As defined herein, the term “automatically” means without user intervention.
As defined herein, the terms “includes,” “including,” “comprises,” and/or “comprising,” specify the presence of stated features, integers, steps, operations, elements, and/or components, but do not preclude the presence or addition of one or more other features, integers, steps, operations, elements, components, and/or groups thereof.
As defined herein, the term “if” means “when” or “upon” or “in response to” or “responsive to,” depending upon the context. Thus, the phrase “if it is determined” or “if [a stated condition or event] is detected” may be construed to mean “upon determining” or “in response to determining” or “upon detecting [the stated condition or event]” or “in response to detecting [the stated condition or event]” or “responsive to detecting [the stated condition or event]” depending on the context.
As defined herein, the terms “one embodiment,” “an embodiment,” “in one or more embodiments,” “in particular embodiments,” or similar language mean that a particular feature, structure, or characteristic described in connection with the embodiment is included in at least one embodiment described within this disclosure. Thus, appearances of the aforementioned phrases and/or similar language throughout this disclosure may, but do not necessarily, all refer to the same embodiment.
As defined herein, the term “output” means storing in physical memory elements, e.g., devices, writing to display or other peripheral output device, sending or transmitting to another system, exporting, or the like.
As defined herein, the term “processor” means at least one hardware circuit configured to carry out instructions. The instructions may be contained in program code. The hardware circuit may be an integrated circuit. Examples of a processor include, but are not limited to, a central processing unit (CPU), an array processor, a vector processor, a digital signal processor (DSP), a field-programmable gate array (FPGA), a programmable logic array (PLA), an application specific integrated circuit (ASIC), programmable logic circuitry, and a controller.
As defined herein, the term “responsive to” means responding or reacting readily to an action or event. Thus, if a second action is performed “responsive to” a first action, there is a causal relationship between an occurrence of the first action and an occurrence of the second action. The term “responsive to” indicates the causal relationship.

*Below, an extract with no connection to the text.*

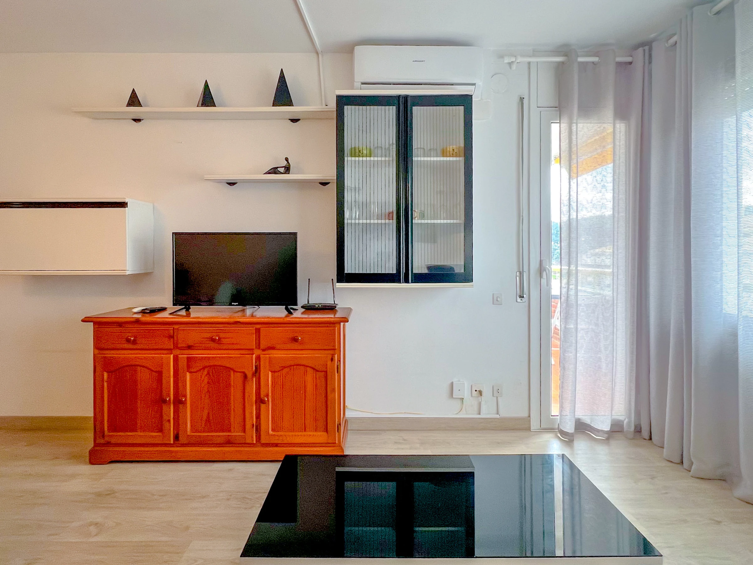 - Wohn-Esszimmer mit Klimaanlage und offener Küche

The term “substantially” means that the recited characteristic, parameter, or value need not be achieved exactly, but that deviations or variations, including for example, tolerances, measurement error, measurement accuracy limitations, and other factors known to those of skill in the art, may occur in amounts that do not preclude the effect the characteristic was intended to provide.
The terms first, second, etc. may be used herein to describe various elements. These elements should not be limited by these terms, as these terms are only used to distinguish one element from another unless stated otherwise or the context clearly indicates otherwise.
The descriptions of the various embodiments of the present invention have been presented for purposes of illustration but are not intended to be exhaustive or limited to the embodiments disclosed. Many modifications and variations will be apparent to those of ordinary skill in the art without departing from the scope and spirit of the described embodiments. The terminology used herein was chosen to best explain the principles of the embodiments, the practical application or technical improvement over technologies found in the marketplace, or to enable others of ordinary skill in the art to understand the embodiments disclosed herein.